Prompt » Please reproduce all of the listing below exactly and drop its images.

- - - -

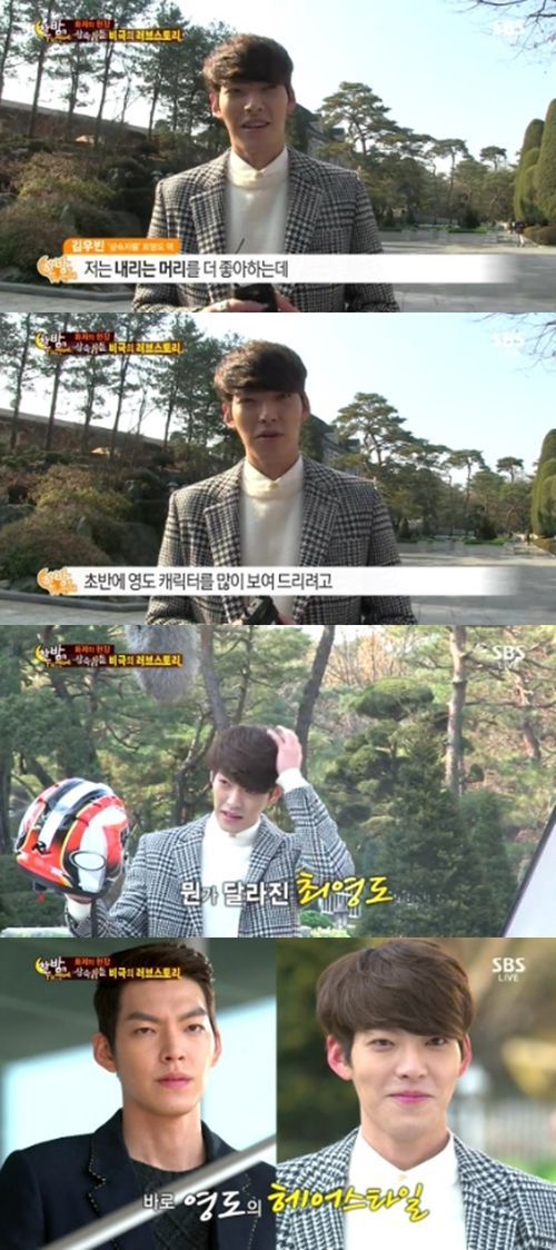 김우빈은 4일 오후 방송된 SBS 예능 프로그램 '한밤의 TV연예'에 출연해 "내리는 머리를 더 좋아하는데 초반에 영도 캐릭터를 보여드리려고 새 스타일을 했다"고 말했다.
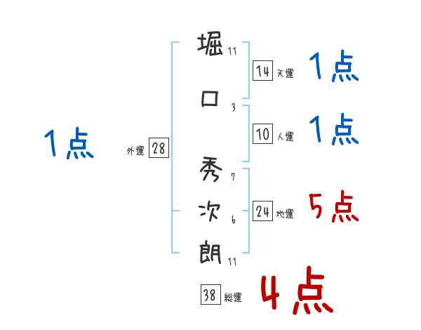 外運![]() | 堀口秀次朗さんの外運は28画の1つ星!家庭環境に注意。スポーツで活躍できる能力があるかも。 生活面を象徴する運勢です。外部から受ける影響力を表し、結婚運、家庭運や職場、環境への順応性を表します。 |
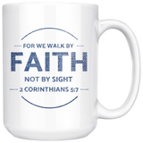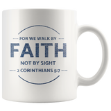 Bible Verses Dishwasher Safe White Mugs - 2 Corinthians 5:7 (Design 13)
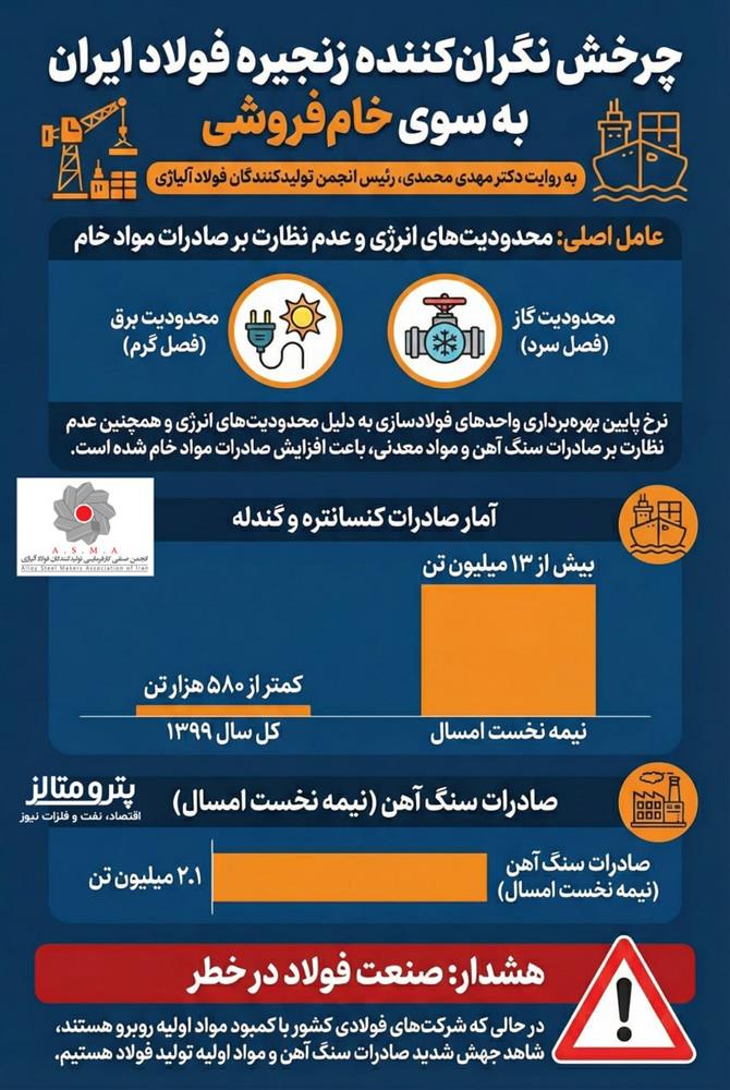 رئیس انجمن فولاد آلیاژی با ارائه آماری نگرانکننده اعلام کرد: «در حالی که کل صادرات کنسانتره و گندله در سال ۱۳۹۹ کمتر از ۵۸۰ هزار تن بود، این رقم تنها در نیمه نخست امسال به بیش از ۱۳ میلیون تن رسیده است.» همچنین در ۶ ماهه اول سال جاری، ۲.۱ میلیون تن سنگ آهن به خارج از کشور صادر شده است.
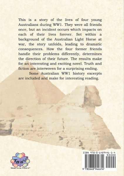 This is a story of the lives of four young Australians during WW1. They were all friends once, but an incident occurs which impacts on each of their lives forever. Set within a background of the Australian Light Horse at war, the story unfolds, leading to dramatic consequences. How the four former friends handle their problems differently, determines the direction of their future. The results make for an interesting and exciting novel. Truth and fiction are interwoven for a surprising ending. Some Australian WW1 history excerpts are included and make for interesting reading.
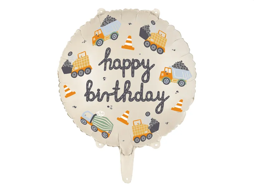 45cm Round Balloon Construction Vehicles Foil Balloon #PD26213 - Each (Pkgd.)
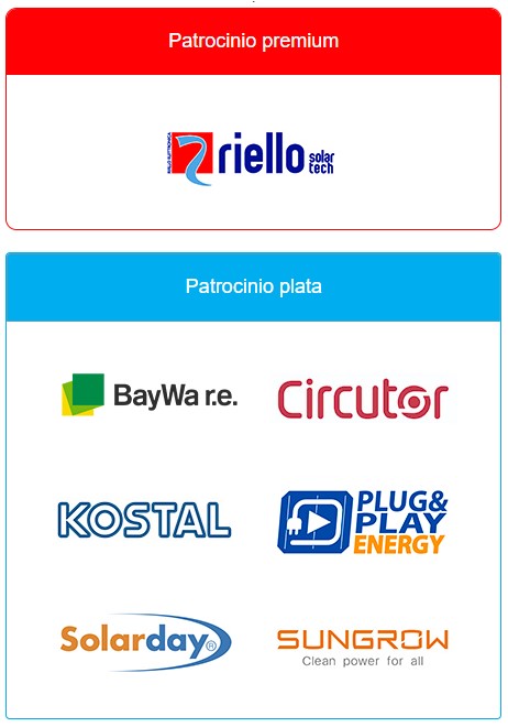 Ponentes y patrocinadores. En su nueva edición, el webinar contará con el apoyo de empresas de reconocido prestigio, que ya han confirmado su presencia como ponentes y patrocinadores en el evento, entre ellas, ââ??¶Riello Solartech, ââ??¶Baywa r.e., ââ??¶Circutor, ââ??¶Kostal, ââ??¶Plug and Play Energy, ââ??¶Solarday y ââ??¶Sungrow.

- - - -

Task answer »
 김우빈은 4일 오후 방송된 SBS 예능 프로그램 '한밤의 TV연예'에 출연해 "내리는 머리를 더 좋아하는데 초반에 영도 캐릭터를 보여드리려고 새 스타일을 했다"고 말했다.
 外運![]() | 堀口秀次朗さんの外運は28画の1つ星!家庭環境に注意。スポーツで活躍できる能力があるかも。 生活面を象徴する運勢です。外部から受ける影響力を表し、結婚運、家庭運や職場、環境への順応性を表します。 |
 Bible Verses Dishwasher Safe White Mugs - 2 Corinthians 5:7 (Design 13)
 رئیس انجمن فولاد آلیاژی با ارائه آماری نگرانکننده اعلام کرد: «در حالی که کل صادرات کنسانتره و گندله در سال ۱۳۹۹ کمتر از ۵۸۰ هزار تن بود، این رقم تنها در نیمه نخست امسال به بیش از ۱۳ میلیون تن رسیده است.» همچنین در ۶ ماهه اول سال جاری، ۲.۱ میلیون تن سنگ آهن به خارج از کشور صادر شده است.
 This is a story of the lives of four young Australians during WW1. They were all friends once, but an incident occurs which impacts on each of their lives forever. Set within a background of the Australian Light Horse at war, the story unfolds, leading to dramatic consequences. How the four former friends handle their problems differently, determines the direction of their future. The results make for an interesting and exciting novel. Truth and fiction are interwoven for a surprising ending. Some Australian WW1 history excerpts are included and make for interesting reading.
 45cm Round Balloon Construction Vehicles Foil Balloon #PD26213 - Each (Pkgd.)
 Ponentes y patrocinadores. En su nueva edición, el webinar contará con el apoyo de empresas de reconocido prestigio, que ya han confirmado su presencia como ponentes y patrocinadores en el evento, entre ellas, ââ??¶Riello Solartech, ââ??¶Baywa r.e., ââ??¶Circutor, ââ??¶Kostal, ââ??¶Plug and Play Energy, ââ??¶Solarday y ââ??¶Sungrow.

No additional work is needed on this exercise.